Last week, Axios' Sara Fischer did two pieces in her Media Trends newsletter about Hearst. And in one of them, she wrote:
Hearst expects revenues to grow close to $12 billion this year, up slightly from the record $11.9 billion it earned last year, according to new figures from CEO Steve Swartz provided to Axios in an interview.
The 135-year-old company is owned by a family trust, in which only five of the 13 seats on the board of trustees are reserved for descendants of the Hearst family. The rest are made up of current and former Hearst executives.
The trust doesn't expire until the last of William Randolph Hearst's grandchildren who were alive at the time of his death have died.

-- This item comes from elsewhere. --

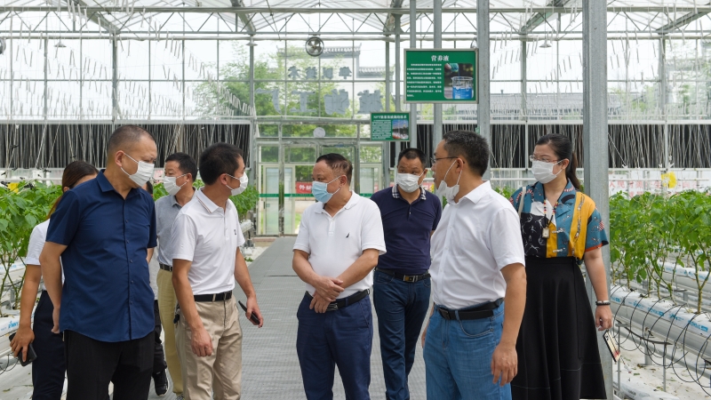 唐圣松一行深入竹泉山智慧农业第一村,实地察看了智慧农业技术展厅和蔬菜种植大棚,详细了解了企业生产规模、技术水平、产品销售等情况。

First up is the news that Hearst continues to grow revenue. This massive private business is expected to increase revenue to $12 billion this year. While the growth is small in percentages, it's still $100 million in revenue growth year-over-year. That's bigger than many media companies, so that's saying something.
But that last sentence in the quote stands out to me. The trust that owns the business expires when any grandchildren born before August 14, 1951, ultimately pass away. The Chairman of Hearst Corporation is William Randolph Hearst III, only 73 years old (born in 1949). And so, the trust can continue operating at its pace, irrespective of what investors might think.
And so, it makes me wonder... If you're not family-owned, can you grow an ultra-scale, long-lasting media brand? For example, the New York Times is still majority controlled by the same family. The Hearst family has near control with 5/13 votes (it just needs two for a majority if they vote together). Both assets have unique voting structures to ensure that the family retains control.
Let's look at a recent entrant to the space: The Information. Jessica Lessin owns this outright, and she invests her resources into growing it. Because she is operating on her timetable (life) versus an investor's timetable, could she build a lasting legacy with a media asset that no one else can?
Media takes a very long time to reach scale. Some have figured out how to do it fast in the short term, but if you try for too long, you turn into BuzzFeed.
If I have to guess, when all of Hearst's grandchildren pass away, we will start to see this business fragment. Management will try to unlock value in the various assets—TV, newspapers, magazines, etc.—and we will see significant divestiture. I often wonder if a scale business like this is truly the best from a financial perspective or if the scale is simply a vanity play. Would the assets generate more value on their own?
Nevertheless, it's an interesting question. Will we ever see a return to these multi-generational media companies, or are those days behind us? If I have to guess, they're definitely behind us. But it's impressive, nevertheless, to see Hearst continue to grow.